Groq does not support truly disabling thinking. When `thinking=False` is set via the unified setting, Pydantic AI sends `reasoning_format='hidden'`, which suppresses reasoning output but the model may still reason internally.

## OpenRouter

To enable thinking, use the [`OpenRouterModelSettings.openrouter_reasoning`](/docs/ai/api/models/openrouter/#pydantic_ai.models.openrouter.OpenRouterModelSettings.openrouter_reasoning) [model setting](/docs/ai/core-concepts/agent#model-run-settings).
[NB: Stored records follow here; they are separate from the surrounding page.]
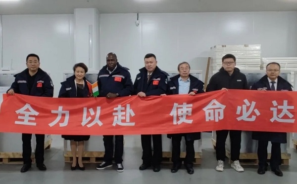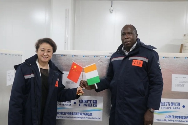 2021年9月19日,乐鱼·体育副总经理石晟怡与科特迪瓦驻华大使多索·阿达马共同见证科特迪瓦采购的首批新冠疫苗发运。乐鱼(中国)一站式服务官方网站国际副总经理严兵、乐鱼·体育中国生物北京生物制品研究所财务总监欧阳俊等陪同参加。
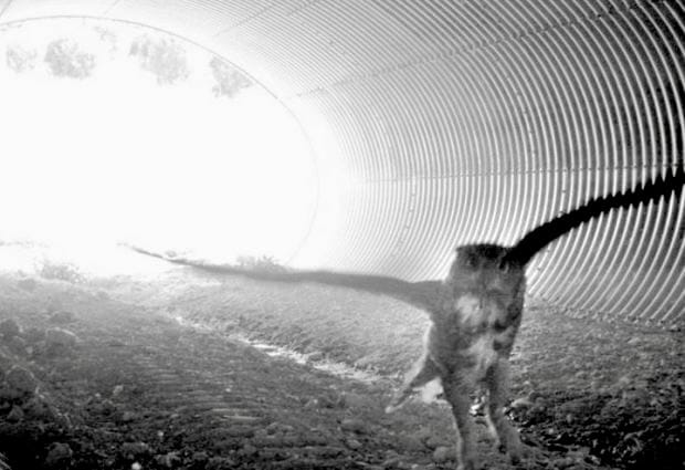 This photo comes from the “Missoulian“ newspaper of Missoula, Montana. It ran with a story about a new wildlife underpass built under US Hwy 93. Taken with a wildlife cam, the photos showed all sorts of critters taking advantage of the safe path from one side of the road to another. There were deer, raccoons, coyotes, and one Great Horned Owl.
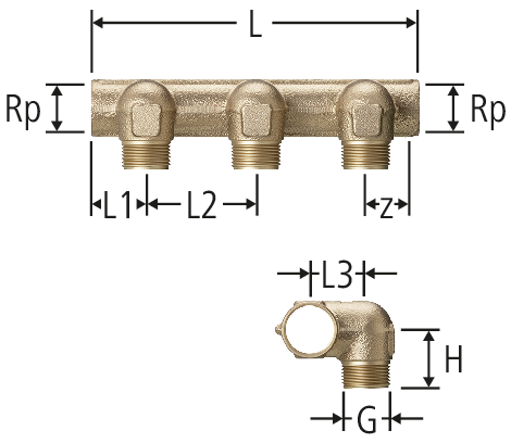 | DN | Rp | G | z | L | L1 | L2 | L3 | H | N | ζ | Art. n° | VE | RK | VE | suissetec | |||||

openrouter\_thinking\_part.py

```python
from pydantic_ai import Agent
from pydantic_ai.models.openrouter import OpenRouterModel, OpenRouterModelSettings

model = OpenRouterModel('openai/gpt-5.2')
settings = OpenRouterModelSettings(openrouter_reasoning={'effort': 'high'})
agent = Agent(model, model_settings=settings)
...
```

Wire format details

Truthy [`thinking`](/docs/ai/api/pydantic-ai/settings/#pydantic_ai.settings.ModelSettings.thinking) values send both `effort` and `enabled: True` on the wire. The explicit `enabled: True` is a no-op for reasoning-by-default models but load-bearing for reasoning-optional routes (parts of the `google/gemma-*` family, for example) that otherwise leave reasoning disabled despite `effort` being set.
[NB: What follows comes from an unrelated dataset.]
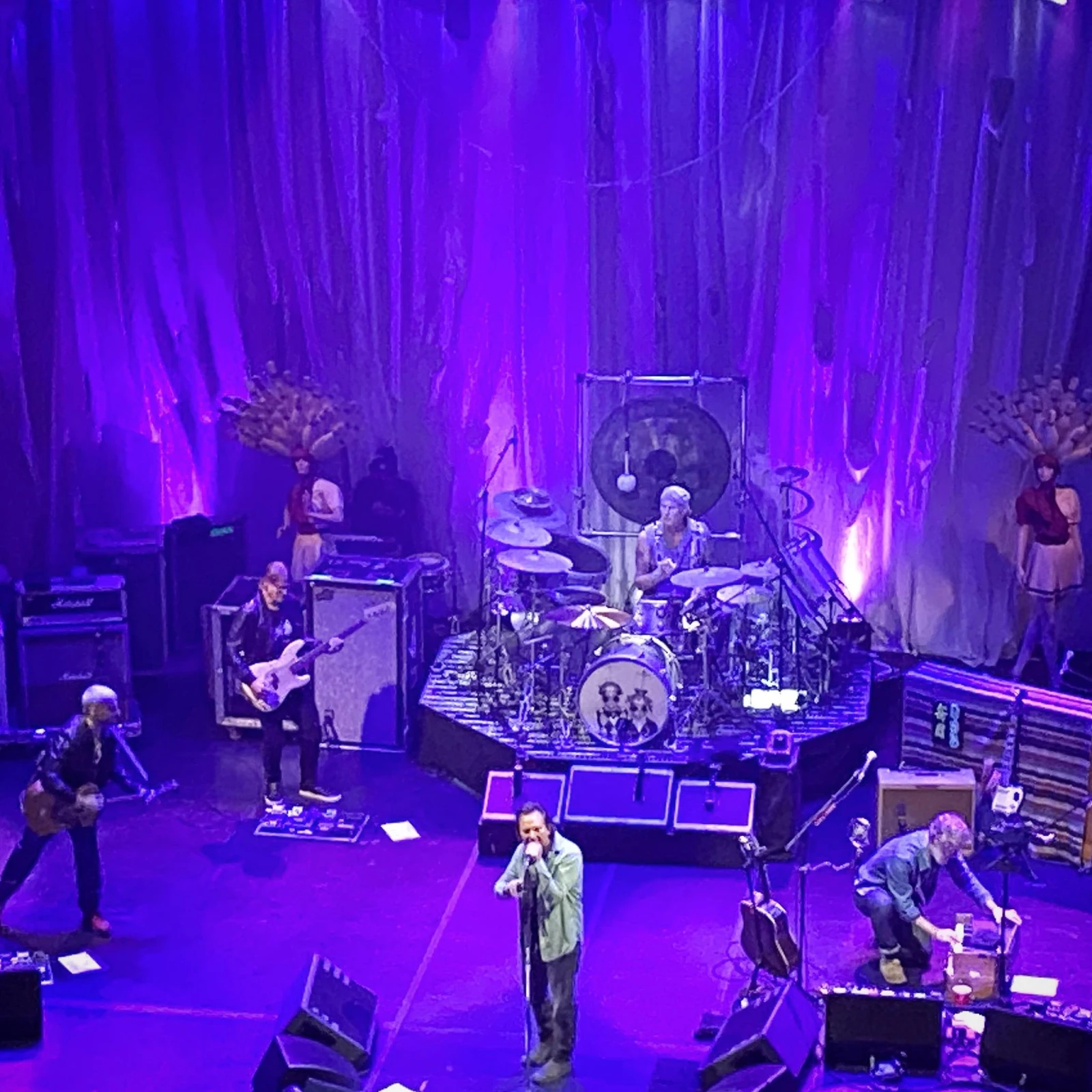 Inutile de vous emmerder avec une critique en bonne et due forme du concert (il en existe déjà quelques bonnes, sinon). Mais disons que les fans en ont eu pour leur argent, avec une enfilade de hits de Pearl Jam (Porch, Dirty Frank (?!?), Not for You), d’Eddie solo (quelques pistes du prochain album attendu en février, dont Brother the Cloud en hommage à Chris Cornell), un bon vieux solo de drum et d’immenses covers (I’m One “The Who”, Isn’t It a Pity “George Harrison”, etc.).

[`thinking=False`](/docs/ai/api/pydantic-ai/settings/#pydantic_ai.settings.ModelSettings.thinking) sends `reasoning={'effort': 'none'}` -- the [documented OpenRouter disable signal](https://openrouter.ai/docs/guides/best-practices/reasoning-tokens) -- on routes whose upstream can honor disable (e.g. `anthropic/claude-sonnet-4.5`, `z-ai/glm-4.6`). On routes whose upstream is always-on (e.g. `openai/o3`, `openai/gpt-5`, `mistralai/magistral-medium-*`, `deepseek/deepseek-r1`, `x-ai/grok-3-mini`), `thinking=False` is silently ignored at the model-profile gate, matching the same model's direct-route behavior. Set [`OpenRouterModelSettings.openrouter_reasoning`](/docs/ai/api/models/openrouter/#pydantic_ai.models.openrouter.OpenRouterModelSettings.openrouter_reasoning) directly when you want explicit per-route control.

## Mistral

Thinking is supported by the `magistral` family of models. It does not need to be specifically enabled.

## Cohere

Thinking is supported by the `command-a-reasoning-08-2025` model. It does not need to be specifically enabled.

## Hugging Face

Text output inside `<think>` tags is automatically converted to [`ThinkingPart`](/docs/ai/api/pydantic-ai/messages/#pydantic_ai.messages.ThinkingPart) objects. You can customize the tags using the [`thinking_tags`](/docs/ai/api/pydantic-ai/profiles/#pydantic_ai.profiles.ModelProfile.thinking_tags) field on the [model profile](/docs/ai/models/openai#model-profile).

## Outlines

Some local models run through Outlines include in their text output a thinking part delimited by tags. In that case, it will be handled by Pydantic AI that will separate the thinking part from the final answer without the need to specifically enable it. The thinking tags used by default are `"<think>"` and `"</think>"`. If your model uses different tags, you can specify them in the [model profile](/docs/ai/models/openai#model-profile) using the [`thinking_tags`](/docs/ai/api/pydantic-ai/profiles/#pydantic_ai.profiles.ModelProfile.thinking_tags) field.

Outlines currently does not support thinking along with structured output. If you provide an `output_type`, the model text output will not contain a thinking part with the associated tags, and you may experience degraded performance.